Whether you’re a believer or not, there always has been something fascinating about the paranormal. From ghosts to near-death experiences, telepathy to UFOs, the uncertain and unprovable nature of many phenomena long have landed people on a scale of belief that runs from completely dismissive to unequivocal believer. For the most part, paranormal stories have been relegated to odd corners of the internet, to publications like the National Enquirer or to the St. Thomas classroom.

Wait, what?

Psychology professors Britain Scott and Greg Robinson-Riegler have long been interested in the cognitive psychology of the paranormal, a shared passion they have translated into research and – for the first time in 2015 – a January Term class in England.

“We’re interested in what people’s experiences, whether real or not, what they mean to people,” Robinson-Riegler said. “Our question has become about the meaning of these experiences and what purposes they serve for the people who remember them.”

So, you won’t find Robinson-Riegler or Scott running experiments any time soon in the John R. Roach Center’s Psychology Department on whether students can guess what symbols are on the opposite side of a card without seeing them. Over the past 15 years or so, when they started discussing their joint interest in the topic, Robinson-Riegler and Scott have done studies that include examining autobiographical descriptions of paranormal experiences, as well as looking at what makes people shift along the scale from dismissive to skeptical to believer. Currently they are starting a project with students that will focus on the persuasiveness of a believer relating a paranormal story.

The culmination of their interest and research is the J-Term class in England, a country much more open to paranormal experiences and research than the U.S., Robinson-Riegler said,

“They have much more history there, wars, belief about ghosts,” he said. “The scientific community is completely dismissive of [paranormal belief] in the U.S., not so much in the U.K.”

Students in the 2015 class got a crash course in the cognitive psychology of the paranormal, as well as deeper dives into the individual histories and beliefs surrounding many paranormal topics, including ghosts, cold readings and mediums.

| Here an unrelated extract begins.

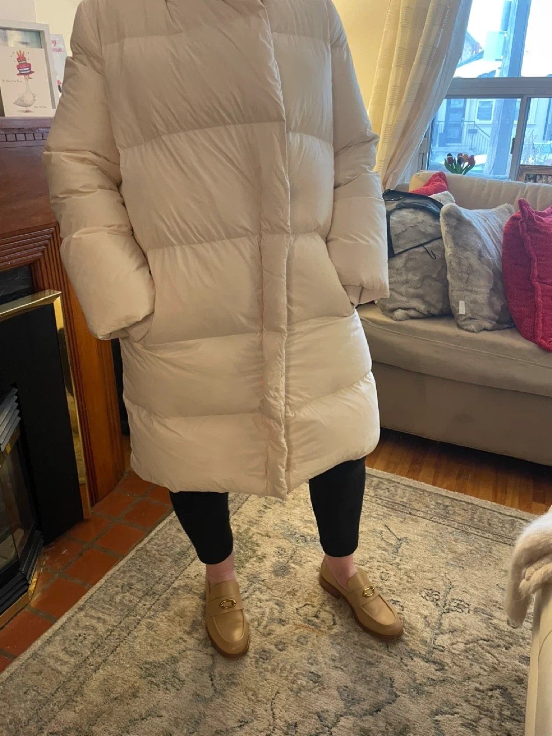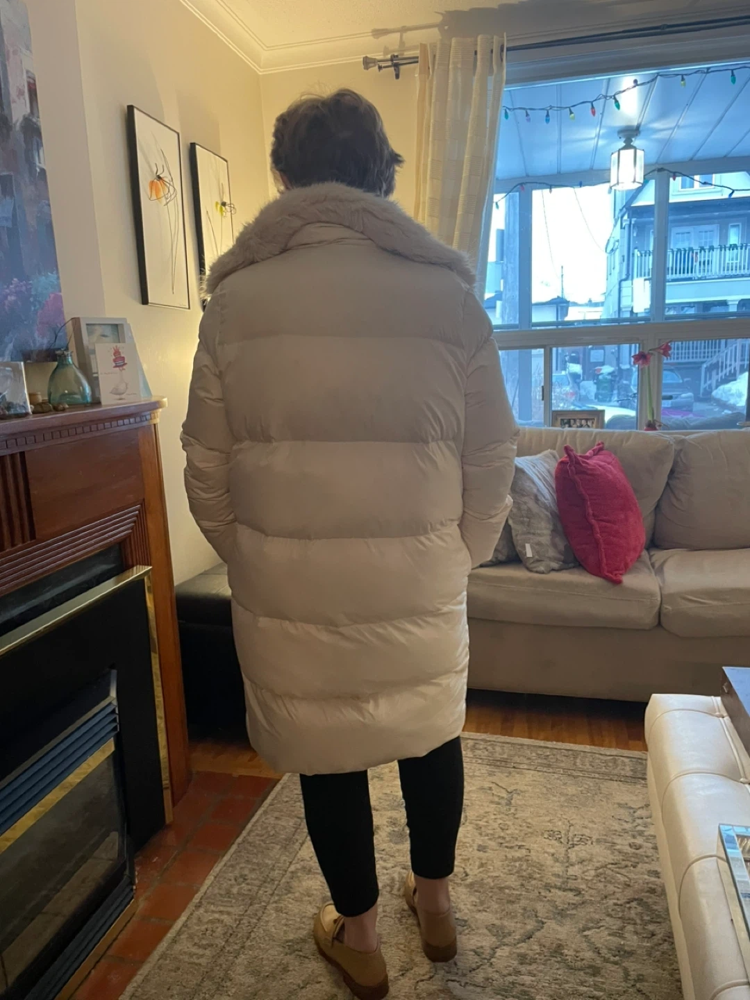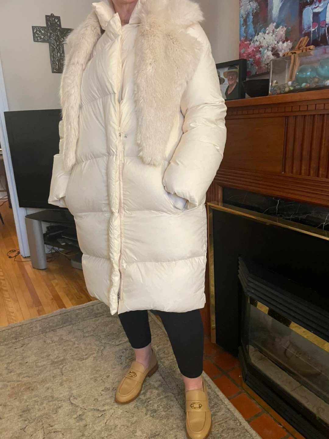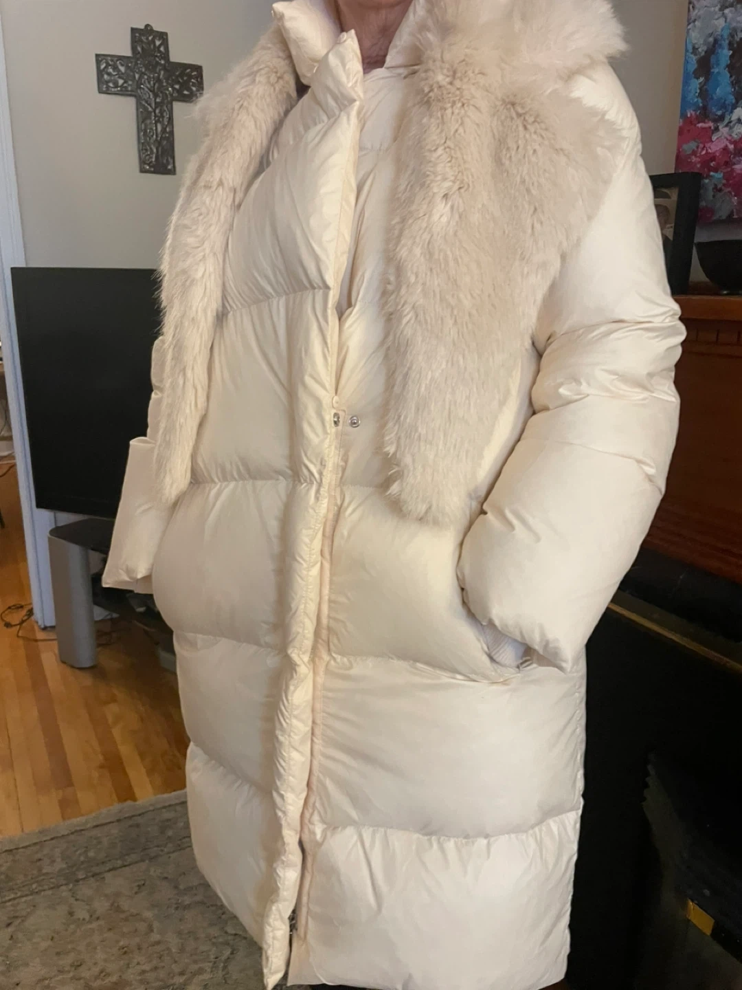 Cream coloured long puffer coat. Features a removable faux fur collar and a zip-up front. Pockets on the sides. It's a stylish and warm outerwear option. So warm and elegant!
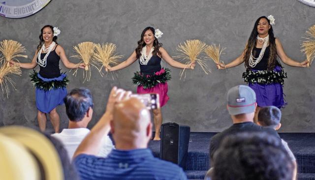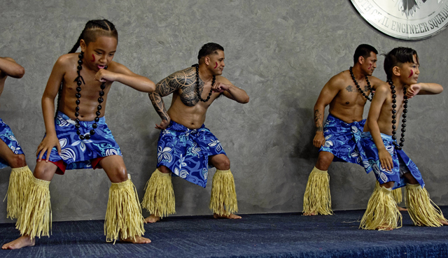 Dancers perform the tutuki during the Asian American and Pacific Islander Heritage Month closing ceremony at Ramstein Air Base, Germany, May 30, 2023. The tutuki, a traditional Tahitian dance, was one of many dance performances celebrating the diverse AAPI cultures represented by Team Ramstein. (U.S. Air Force photo by Staff Sgt. Emmeline James)

“It’s just a rich, rich course. We go to two universities, one in Edinburgh and one in London. Both have labs that investigate paranormal belief and the existence of the paranormal, so we talk to leading researchers and professors there,” Robinson-Riegler said. “We go to places that are ostensibly haunted. We teach the students about cognition, have them read accounts of hauntings and ghosts, and have them critically think about it; it’s really a critical thinking course. And we do teach it with kind of a skeptical perspective. Skeptical means you’re open, you just want proof. We’re respectful of people’s beliefs. We say to look at it like a scientist: What’s the proof you want, and how would you find it if you had to do an experiment?”

Robinson-Riegler and Scott plan to lead the class again in 2017 and hope to continue offering it on an every-other-year basis.